Omit each picture as you copy the entries exactly.

→ Records from a data source
----
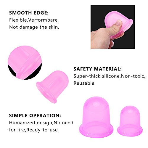 Cupping therapy has a long history in China, our cupping is improved after the latest technology, use secure and reliable silicone material, you can use in the home, can enjoy professional treatment of body.It can improve blood circulation, improve immunity,have good health care, especially lose weight, relieve muscle fatigue, improve skin condition and sleep problems.Simple operation, safety, extensive application of beauty, health and other fields. HOW TO USE: 1.Apply cream or nourishing cream or oil to you skin. 2.Place the silicone cup's mouth on the skin and gently squeeze to create a vacuum .Gently lose your hand. 3.Repeatedly press1-2 times to adjust the suction. 4.Use your hands to move the cup smoothly, in a straight, circular, and zigzag movement. 5.It's best to massage for 5-10 minutes every time,then open the edge,gently remove the cup. Package Content: 1 Large body cupping (Diameter: 2.76 in / High: 3.15 in) 1 Medium body cupping (Diameter: 2.17 in / High: 2.17in) Color: PINK NOTICE: 1.Reaction after cupping--purple spots ,blood stasis or red spots appear on the surface of the skin. 2.Some groups are not suitable for cupping therapy, such as heart disease, pregnant women, and patients with skin diseases. Consult a doctor before using if you are indeterminacy. 3.If uncomfortable, please stop using. 0 |
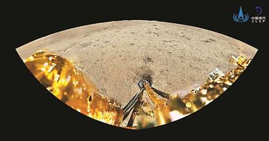 ■由全景相机在嫦娥六号表取采样前,对着陆点北侧月面拍摄的彩色图像镶嵌制作而成。图像上方是着陆点北部查菲环形山,图像的下方是着陆腿和着陆时冲击挤压隆起的月壤。 |
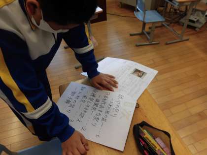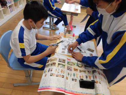 6年生は、グループごとに、日本の歴史のパンフレットを作成しています。「衣服」や「楽器」など、視点を決めてまとめています。国語で学習した「読者に伝えるための工夫」を取り入れながら仕上げています。お互いにつくっているものを見合って、よりよいものにしようとしています。もうすぐ完成です。
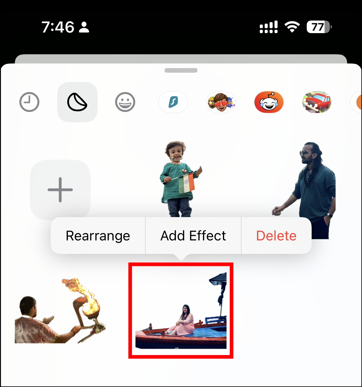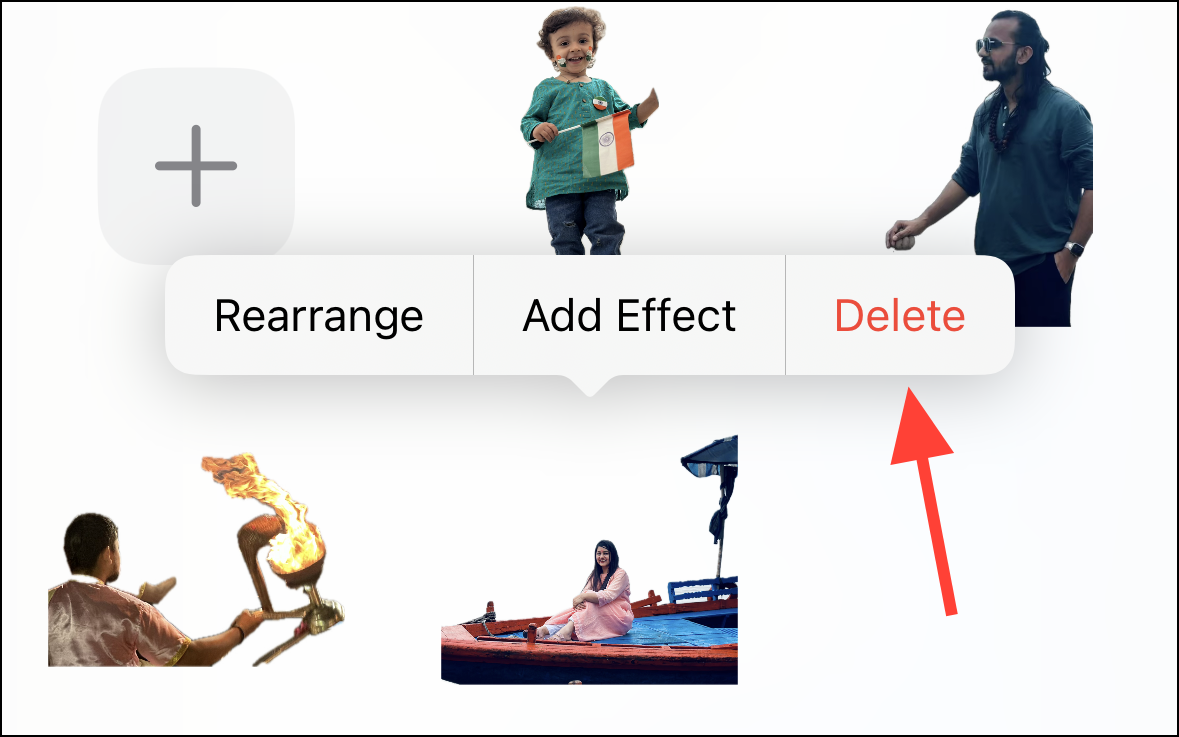 Step 5: Locate the live sticker you want to remove. Press and hold it until it enlarges slightly and a tooltip menu appears.
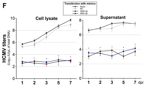 Since the major IE proteins play essential roles in continuous lytic replication and progeny HCMV production [,,,,,,,,,], miR-200b-3p and miR-200c-3p, which suppress IE72 and IE86 synthesis via post-transcriptional modification, should restrict active HCMV replication. We found that miR-200b-3p and miR-200c-3p mimic significantly reduced HCMV titers in cell lysates (−log10 (4.1 ± 1.5) and −log10 (4.4 ± 1.3) IU/µL) and in supernatants (−log10 (3.5 ± 1.2) and −log10 (3.5 ± 1.6) IU/µL) (three independent measurements each with three replicates of lysates or supernatants each at 1, 2, 3, 5, and 7 dpi) compared with NC mimic-transfected cells at 1, 2, 3, 5, and 7 dpi (all p < 0.001) (Figure 3F). These results showed that miR-200b-3p and miR-200c-3p directly downregulate the expression of IE72 and IE86, which is a phenomenon that results in inhibited HCMV replication.
----
→ Exercise output
 Cupping therapy has a long history in China, our cupping is improved after the latest technology, use secure and reliable silicone material, you can use in the home, can enjoy professional treatment of body.It can improve blood circulation, improve immunity,have good health care, especially lose weight, relieve muscle fatigue, improve skin condition and sleep problems.Simple operation, safety, extensive application of beauty, health and other fields. HOW TO USE: 1.Apply cream or nourishing cream or oil to you skin. 2.Place the silicone cup's mouth on the skin and gently squeeze to create a vacuum .Gently lose your hand. 3.Repeatedly press1-2 times to adjust the suction. 4.Use your hands to move the cup smoothly, in a straight, circular, and zigzag movement. 5.It's best to massage for 5-10 minutes every time,then open the edge,gently remove the cup. Package Content: 1 Large body cupping (Diameter: 2.76 in / High: 3.15 in) 1 Medium body cupping (Diameter: 2.17 in / High: 2.17in) Color: PINK NOTICE: 1.Reaction after cupping--purple spots ,blood stasis or red spots appear on the surface of the skin. 2.Some groups are not suitable for cupping therapy, such as heart disease, pregnant women, and patients with skin diseases. Consult a doctor before using if you are indeterminacy. 3.If uncomfortable, please stop using. 0 |
 ■由全景相机在嫦娥六号表取采样前,对着陆点北侧月面拍摄的彩色图像镶嵌制作而成。图像上方是着陆点北部查菲环形山,图像的下方是着陆腿和着陆时冲击挤压隆起的月壤。 |
 6年生は、グループごとに、日本の歴史のパンフレットを作成しています。「衣服」や「楽器」など、視点を決めてまとめています。国語で学習した「読者に伝えるための工夫」を取り入れながら仕上げています。お互いにつくっているものを見合って、よりよいものにしようとしています。もうすぐ完成です。
 Step 5: Locate the live sticker you want to remove. Press and hold it until it enlarges slightly and a tooltip menu appears.
 Since the major IE proteins play essential roles in continuous lytic replication and progeny HCMV production [,,,,,,,,,], miR-200b-3p and miR-200c-3p, which suppress IE72 and IE86 synthesis via post-transcriptional modification, should restrict active HCMV replication. We found that miR-200b-3p and miR-200c-3p mimic significantly reduced HCMV titers in cell lysates (−log10 (4.1 ± 1.5) and −log10 (4.4 ± 1.3) IU/µL) and in supernatants (−log10 (3.5 ± 1.2) and −log10 (3.5 ± 1.6) IU/µL) (three independent measurements each with three replicates of lysates or supernatants each at 1, 2, 3, 5, and 7 dpi) compared with NC mimic-transfected cells at 1, 2, 3, 5, and 7 dpi (all p < 0.001) (Figure 3F). These results showed that miR-200b-3p and miR-200c-3p directly downregulate the expression of IE72 and IE86, which is a phenomenon that results in inhibited HCMV replication.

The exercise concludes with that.